Ms. Zourabishvili’s mandate expired on Sunday morning after the swearing in of her successor, ex-footballer Mikheïl Kavelashvili, loyal to the ruling party, the Georgian Dream.
After having suggested that she could stay in the presidential palace, this 72-year-old brunette woman finally announced that she was leaving the place, while calling herself “the only legitimate president” of the country, and promising to join the demonstrators who for weeks protest daily in the streets of Tbilisi.
“I will leave the presidential palace to stand by your side, carrying with me the legitimacy, the flag and your trust,” she said in front of a crowd of a few thousand supporters, some of whom said they were disappointed with her decision to leave the seat of the presidency.
Ms. Zourabichvili contests the appointment of Mr. Kavelashvili as head of state by a college of voters controlled by the Georgian Dream. She also calls for new legislative elections, after those deemed rigged in October.
She became Georgia’s first female president in 2018 – a position whose powers had just been reduced – then with the support of Bidzina Ivanishvili, the richest man in the country and founder of the Georgian Dream.
The same party is today reviled by the pro-EU demonstrators who have been protesting tirelessly for weeks in Tbilisi, with the support of Ms. Zourabichvili.

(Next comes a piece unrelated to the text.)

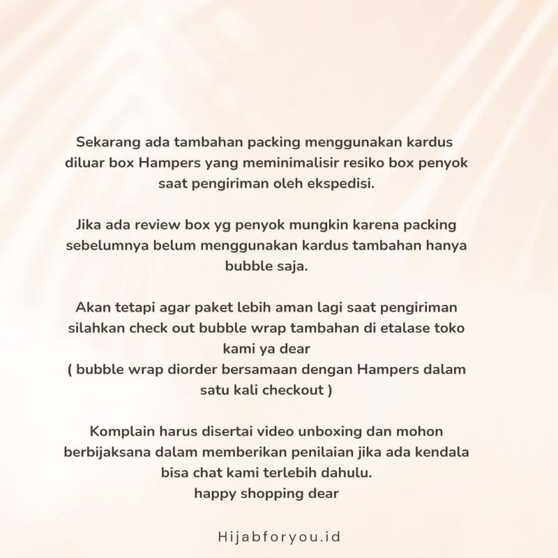PENTING❗ Free packing Kardus/box dari kami (Jika paket penyok atau rusak bukan tanggungjawab kami).

Because when the government began to move away from this Caucasian country’s ambitions to join the EU, Salomé Zourabichvili joined the ranks of the government’s critics.
She vetoed, without success, several laws deemed repressive targeting civil society, the media and LGBT+ people.

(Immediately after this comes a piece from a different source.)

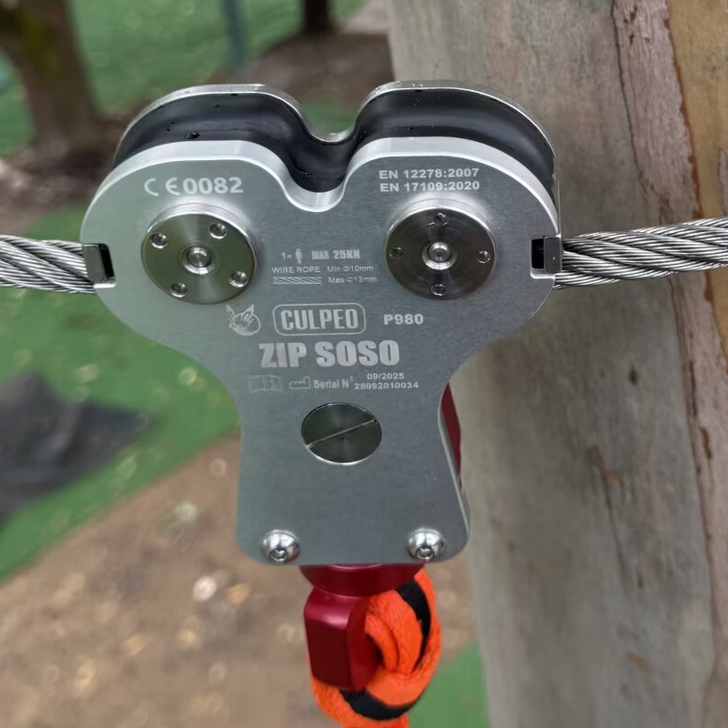 The CULPEO ZIP SOSO P980 Shuttle is designed for continuous backup systems. This means neither rehanging nor unhanging are necessary. Thus, it is suitable for ropes courses and zip lines and offers easy handling. The system complies with the requirements of the PPE Regulation 2016 /425.

After the legislative elections of October 26, won by the Georgian Dream but denounced by the opposition, she took up the cause of the pro-European protest movement, presenting herself as “the only legitimate institution” in the country.
“Do business with us, we represent the Georgian population,” argued in an interview with AFP in early December, who accuses her political adversaries of playing into the hands of Russia, a historic regional power.

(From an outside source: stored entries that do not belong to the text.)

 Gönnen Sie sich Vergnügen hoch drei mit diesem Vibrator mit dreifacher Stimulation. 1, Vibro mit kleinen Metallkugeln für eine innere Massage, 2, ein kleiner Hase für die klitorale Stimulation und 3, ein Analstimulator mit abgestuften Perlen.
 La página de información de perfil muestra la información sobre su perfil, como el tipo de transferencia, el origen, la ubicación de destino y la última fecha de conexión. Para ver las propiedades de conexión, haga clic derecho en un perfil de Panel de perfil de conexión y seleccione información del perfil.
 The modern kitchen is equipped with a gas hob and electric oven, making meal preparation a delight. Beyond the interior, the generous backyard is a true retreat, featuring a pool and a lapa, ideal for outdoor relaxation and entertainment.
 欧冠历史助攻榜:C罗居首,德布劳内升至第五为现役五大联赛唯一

Defying the Georgian Dream, Ms. Zourabichvili took part in demonstrations in Tbilisi on several occasions, to the applause of the crowd, who chanted her name.
Abroad, in recent months she has established herself as the preferred interlocutor of Westerners. She was at the reopening ceremony of Notre-Dame de Paris cathedral at the beginning of December, saying she spoke on this occasion about the “stolen election” with Donald Trump and Emmanuel Macron.
She was born in Paris into a family of Georgian refugees who fled the Bolsheviks. One of his ancestors, Niko Nikoladze, was a prominent liberal writer and member of a movement advocating Georgia’s independence from the Russian Empire.
After studying political science, Salomé Zourabichvili chose a diplomatic career which she followed for nearly 30 years with posts at the United Nations, in Washington and in Chad. She ended this career as French Ambassador to Tbilisi in 2004.
After the Rose Revolution of November 2003 in Georgia, which caused the fall of President Eduard Shevardnadze, she was appointed Minister of Foreign Affairs for the country’s new leader, the pro-Western reformer Mikheïl Saakashvili, today a controversial opponent who is in prison.
She quickly made enemies in the ranks of the new power, which she accused of authoritarian drift.
She was dismissed in 2005, despite demonstrations of support. She joined the opposition as an MP and became one of Mr Saakashvili’s fiercest critics.
She left politics in 2010 to work for five years for the United Nations group of experts responsible for monitoring Iran, disillusioned by the situation in her country.
She then publicly supported the Georgian Dream and returned to Parliament in 2016 as an independent. After renouncing her French nationality, she was elected president in 2018.
“I must engage in a political fight which has never attracted me, which I have never practiced, and which is imposed on me”, she wrote in her book “A woman for two countries”, published in France in 2006.